**Action item:** Restrict the output to the lines below starting at the one that contains "Ultra chic et" and ending at the one that contains "078-222-5013(兵庫県赤十字血液センター 献血推進課)", and restate them word for word, both ends included.

**Source records:**
*** Begin section ***

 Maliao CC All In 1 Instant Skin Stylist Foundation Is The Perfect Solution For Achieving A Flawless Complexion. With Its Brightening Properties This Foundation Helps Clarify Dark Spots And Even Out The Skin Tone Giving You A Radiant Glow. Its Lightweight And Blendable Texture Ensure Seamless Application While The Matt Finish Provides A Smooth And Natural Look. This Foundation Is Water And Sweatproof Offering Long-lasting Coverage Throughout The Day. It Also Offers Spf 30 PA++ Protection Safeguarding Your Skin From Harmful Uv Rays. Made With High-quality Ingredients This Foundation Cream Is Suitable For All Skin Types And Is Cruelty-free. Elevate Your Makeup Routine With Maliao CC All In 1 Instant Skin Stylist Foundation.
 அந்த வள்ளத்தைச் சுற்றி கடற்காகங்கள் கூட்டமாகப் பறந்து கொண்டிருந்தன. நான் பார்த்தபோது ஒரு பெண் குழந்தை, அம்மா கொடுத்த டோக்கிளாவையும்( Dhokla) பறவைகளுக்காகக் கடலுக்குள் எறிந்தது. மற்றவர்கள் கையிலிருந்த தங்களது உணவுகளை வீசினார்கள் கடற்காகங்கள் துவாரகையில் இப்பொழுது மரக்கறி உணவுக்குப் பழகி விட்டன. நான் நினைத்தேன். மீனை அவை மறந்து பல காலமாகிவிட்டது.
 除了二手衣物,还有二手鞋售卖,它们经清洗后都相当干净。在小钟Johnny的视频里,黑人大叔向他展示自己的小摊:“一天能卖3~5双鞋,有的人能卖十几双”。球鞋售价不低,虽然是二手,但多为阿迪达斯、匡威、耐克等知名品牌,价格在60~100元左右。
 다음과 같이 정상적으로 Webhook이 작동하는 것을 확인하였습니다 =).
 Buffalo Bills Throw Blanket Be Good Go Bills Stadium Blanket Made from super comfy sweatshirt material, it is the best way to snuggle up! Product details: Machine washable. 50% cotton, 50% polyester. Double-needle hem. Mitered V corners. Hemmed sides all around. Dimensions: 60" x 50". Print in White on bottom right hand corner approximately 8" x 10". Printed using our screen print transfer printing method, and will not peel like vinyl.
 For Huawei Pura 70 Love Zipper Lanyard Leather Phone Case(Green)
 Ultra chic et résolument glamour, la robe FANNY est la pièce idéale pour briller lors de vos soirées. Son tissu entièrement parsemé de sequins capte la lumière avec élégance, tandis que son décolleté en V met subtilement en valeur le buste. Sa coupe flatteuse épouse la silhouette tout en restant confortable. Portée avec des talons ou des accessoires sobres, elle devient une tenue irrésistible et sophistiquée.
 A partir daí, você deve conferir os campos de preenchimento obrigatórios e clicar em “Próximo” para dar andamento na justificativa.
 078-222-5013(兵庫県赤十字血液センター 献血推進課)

*** End section ***
*** Begin section ***

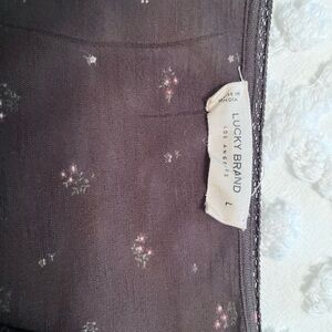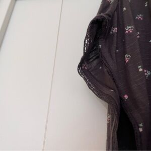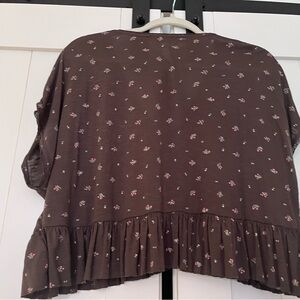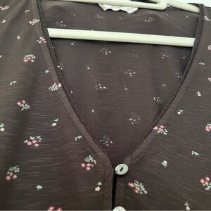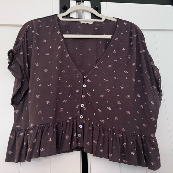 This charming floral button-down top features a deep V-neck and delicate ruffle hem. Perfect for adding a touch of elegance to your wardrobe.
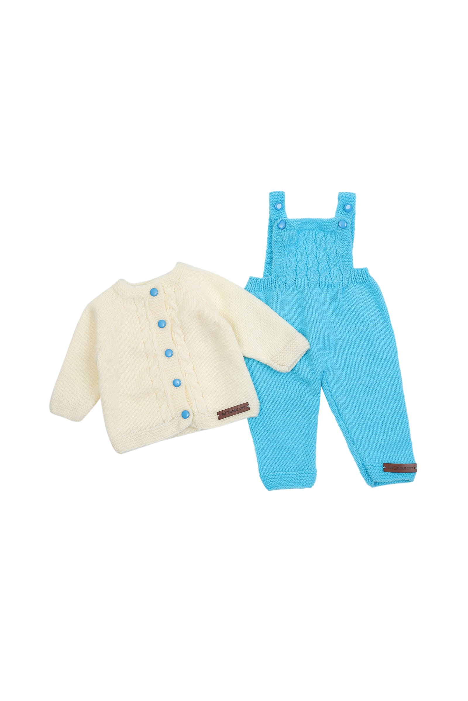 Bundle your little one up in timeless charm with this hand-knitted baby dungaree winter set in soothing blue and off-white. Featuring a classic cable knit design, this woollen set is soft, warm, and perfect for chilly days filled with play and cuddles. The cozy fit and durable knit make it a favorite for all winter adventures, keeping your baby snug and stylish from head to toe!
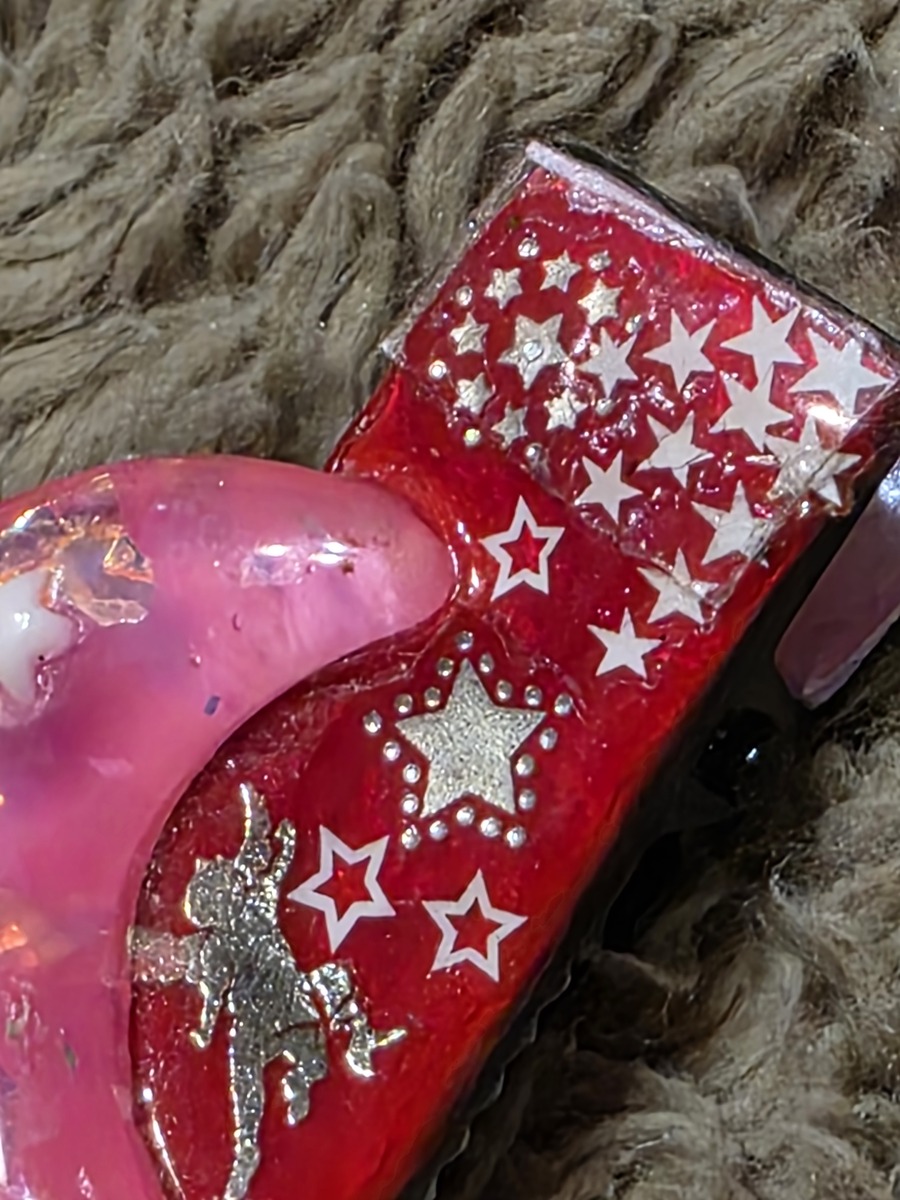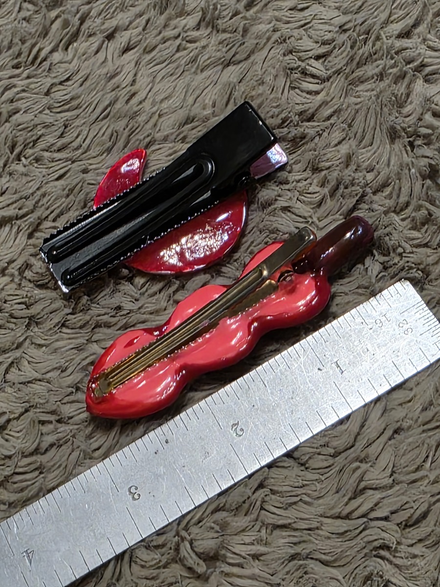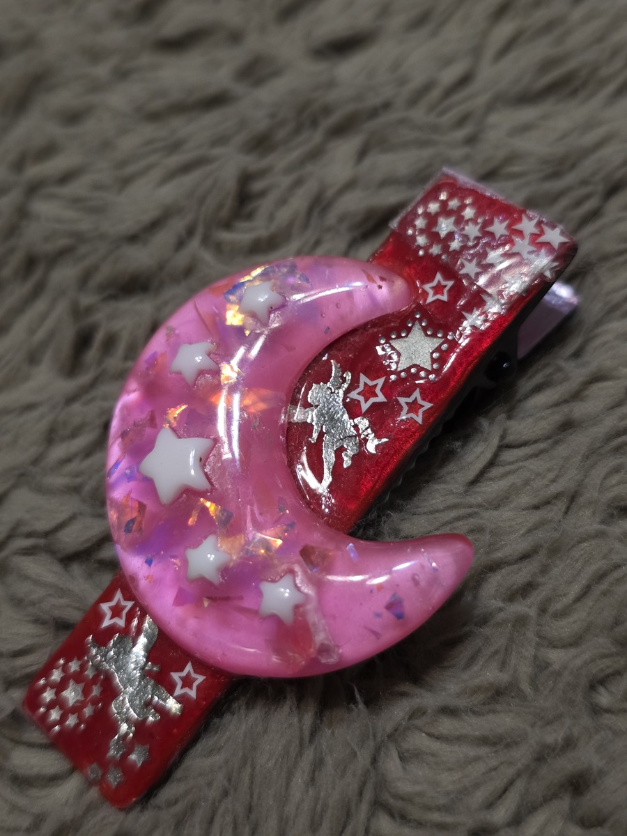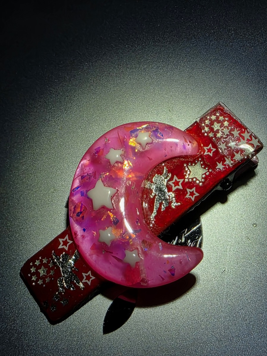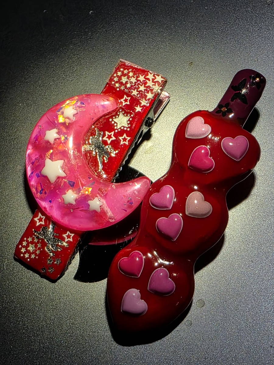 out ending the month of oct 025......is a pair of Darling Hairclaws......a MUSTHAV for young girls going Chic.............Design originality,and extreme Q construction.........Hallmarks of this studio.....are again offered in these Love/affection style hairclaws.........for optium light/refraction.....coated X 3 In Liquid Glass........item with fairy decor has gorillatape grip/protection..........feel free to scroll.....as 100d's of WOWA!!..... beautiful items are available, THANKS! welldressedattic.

*** End section ***

**Task solution:**
 Ultra chic et résolument glamour, la robe FANNY est la pièce idéale pour briller lors de vos soirées. Son tissu entièrement parsemé de sequins capte la lumière avec élégance, tandis que son décolleté en V met subtilement en valeur le buste. Sa coupe flatteuse épouse la silhouette tout en restant confortable. Portée avec des talons ou des accessoires sobres, elle devient une tenue irrésistible et sophistiquée.
 A partir daí, você deve conferir os campos de preenchimento obrigatórios e clicar em “Próximo” para dar andamento na justificativa.
 078-222-5013(兵庫県赤十字血液センター 献血推進課)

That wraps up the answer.